That's the thing, there are so many beautiful places I look for words like "breathtaking" to get ideas for future trips! Have read great things about Cuetzalan, but such a place surrounded by breathtaking mountains moves it way up on the priority list. Thanks!


----------



## sparks (Jun 17, 2007)

Don't forget the Michoacan coast. I've driven it in both directions and it's some of the prettiest country I've seen


----------



## citlali (Mar 4, 2013)

Any place on the coast you recommend staying at?


----------



## sparks (Jun 17, 2007)

Caleta de Campos on south end and San Juan de Alima on the north end are the most civilized. Also stayed in Playa Azul near Lazaro which has a number of hotels but beach is not as pretty. Others are beautiful but more primitive. 


Michoacan Coast

Playa Azul

Playa La Ticla


----------



## vantexan (Sep 4, 2011)

citlali said:


> The phtos of Tolantongo make the fall look very "managed", looks like a fun water park, is it what it is?
> Agua Azul is a magnificent wild beautiful waterfall , unfortunately the natural beauty of its banks has been ruined by the ejido that is managing the land. It is an incredible shame that the ejido is letting all these crappy tourists post so close to it, it sure destroys the charm of it.
> Places like Misol - Ha, Las Nubes, el Chiflón , the lakes of Montebello and many other sites that have been left in their natural state are much more to my liking.
> 
> ...


If you didn't read it already, a unique feature of Tolantongo is the river comes out of the mountain there, and is warm due to underground volcanic activity. The water is highly mineralized, which gives it the aquamarine color. The falls in the shallow cave is natural too.


----------



## citlali (Mar 4, 2013)

Now you are talking warm water!! the color of the water is pretty typical of what the rivers in the jungle in Chiapas look like during the dry season, it is beautiful. But warm on top of it, now I have to go..


----------



## Anonimo (Apr 8, 2012)

> I tried to go once but got discouraged by the dirt, should I say talcum road?

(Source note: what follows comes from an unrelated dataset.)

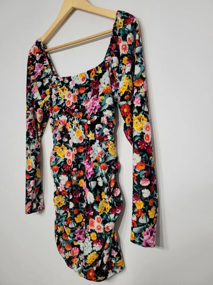 Wild Fable Velvet Floral Ruched Off Shoulder Dress Women's Medium Polyester Spandex Stretchy material Pre-owned great condition 30 inches long 15 inches across E1F
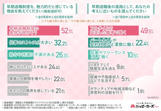 そこで今回、車買取り専門店の株式会社ハッピーカーズ(https://happycars.jp/)は、40~50代の会社員を対象に、「退職金と早期退職がライフプランに与える影響」に関する調査を実施しました。

It's dusty, but it's worth it.


----------



## citlali (Mar 4, 2013)

How long do you have to drive on the dirt road?


----------



## gwizzzzz (Apr 21, 2013)

Great pictures

Thx Gwizzzz


----------



## Anonimo (Apr 8, 2012)

citlali said:


> How long do you have to drive on the dirt road?


Maybe 20 to 30 minutes, depending on how you feel about hairpin curves over precipices. It always seems less scary, coming up.


----------



## Anonimo (Apr 8, 2012)

citlali said:


> Now you are talking warm water!! the color of the water is pretty typical of what the rivers in the jungle in Chiapas look like during the dry season, it is beautiful. But warm on top of it, now I have to go..



It's managed, it's true, but it's managed well, for the most part.


----------



## citlali (Mar 4, 2013)

It looks like a fun place to take kids and relax in one of these warm pools.


----------